▶ **YOUR GOAL**
Reproduce the data in full, exactly as given, leaving images out.
(Beginning of PROVIDED DATA)
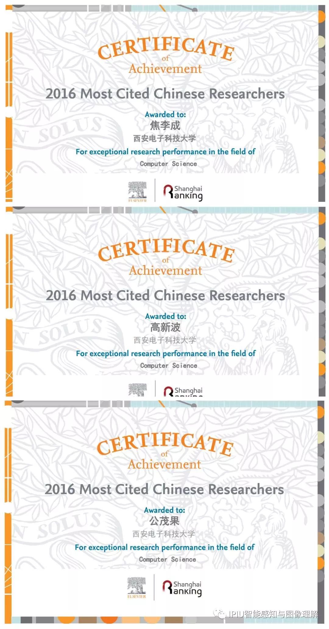 2017年2月27日,万象城awcsport官网7位教授入选爱思唯尔发布的“2016年中国高被引学者(Most Cited Chinese Researchers)榜单”,智能感知与图像理解教育部重点实验室焦李成教授、高新波教授和公茂果教授占据三席,且这已是三位教授连续三年入选该榜单。
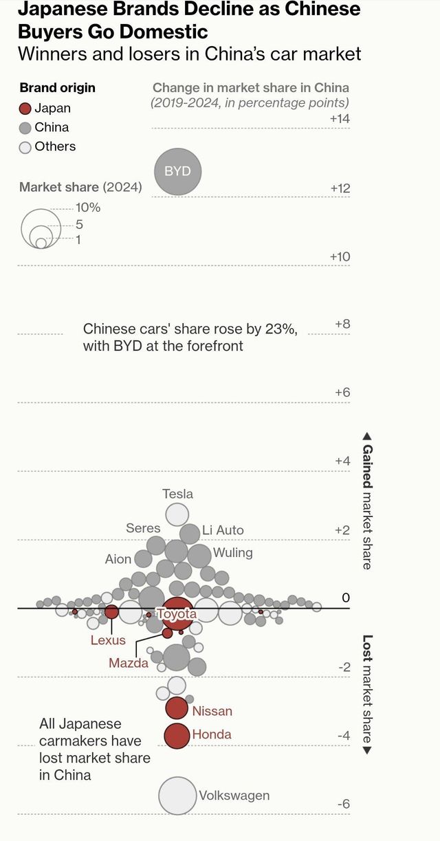게다가 전기차 기술이나 배터리에서 중국이 일본보다 훨씬 앞서기에 관세가 있지만 미국 유럽 시장에서도 똑같은 일이 일어나지 말란법 없기 때문.
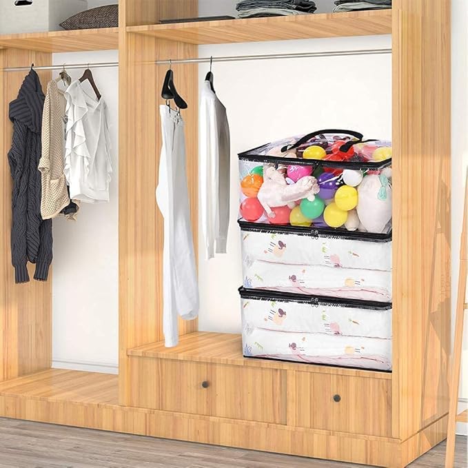 - 【UPGRADED MATERIAL】: Material of this storage bag is made of thick PVC. The transparent appearance allows you to see the internal structure directly and clearly, while also playing a waterproof and insect-proof effect. Keep your items safely
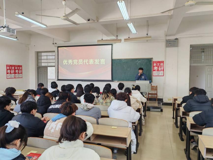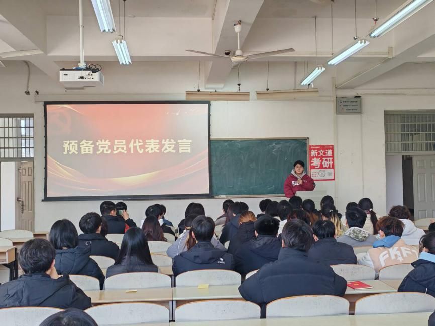 宣誓完毕后,预备党员代表金洋民上台发言。他表示,入党誓词80个字字字千钧,是新党员对初心使命的郑重宣告,也意味着自己肩负起更重大的责任与使命。今后会把学习贯彻习近平新时代中国特色社会主义思想作为首要任务,深刻领悟“两个确立”的决定性意义。他承诺会以此次宣誓为人生新起点,以饱满热情、昂扬斗志投身学习与服务工作,践行党员义务,争取早日成为一名合格的共产党员。
(End of PROVIDED DATA)
▶ **OUTPUT OF THE TASK**
 2017年2月27日,万象城awcsport官网7位教授入选爱思唯尔发布的“2016年中国高被引学者(Most Cited Chinese Researchers)榜单”,智能感知与图像理解教育部重点实验室焦李成教授、高新波教授和公茂果教授占据三席,且这已是三位教授连续三年入选该榜单。
게다가 전기차 기술이나 배터리에서 중국이 일본보다 훨씬 앞서기에 관세가 있지만 미국 유럽 시장에서도 똑같은 일이 일어나지 말란법 없기 때문.
 - 【UPGRADED MATERIAL】: Material of this storage bag is made of thick PVC. The transparent appearance allows you to see the internal structure directly and clearly, while also playing a waterproof and insect-proof effect. Keep your items safely
 宣誓完毕后,预备党员代表金洋民上台发言。他表示,入党誓词80个字字字千钧,是新党员对初心使命的郑重宣告,也意味着自己肩负起更重大的责任与使命。今后会把学习贯彻习近平新时代中国特色社会主义思想作为首要任务,深刻领悟“两个确立”的决定性意义。他承诺会以此次宣誓为人生新起点,以饱满热情、昂扬斗志投身学习与服务工作,践行党员义务,争取早日成为一名合格的共产党员。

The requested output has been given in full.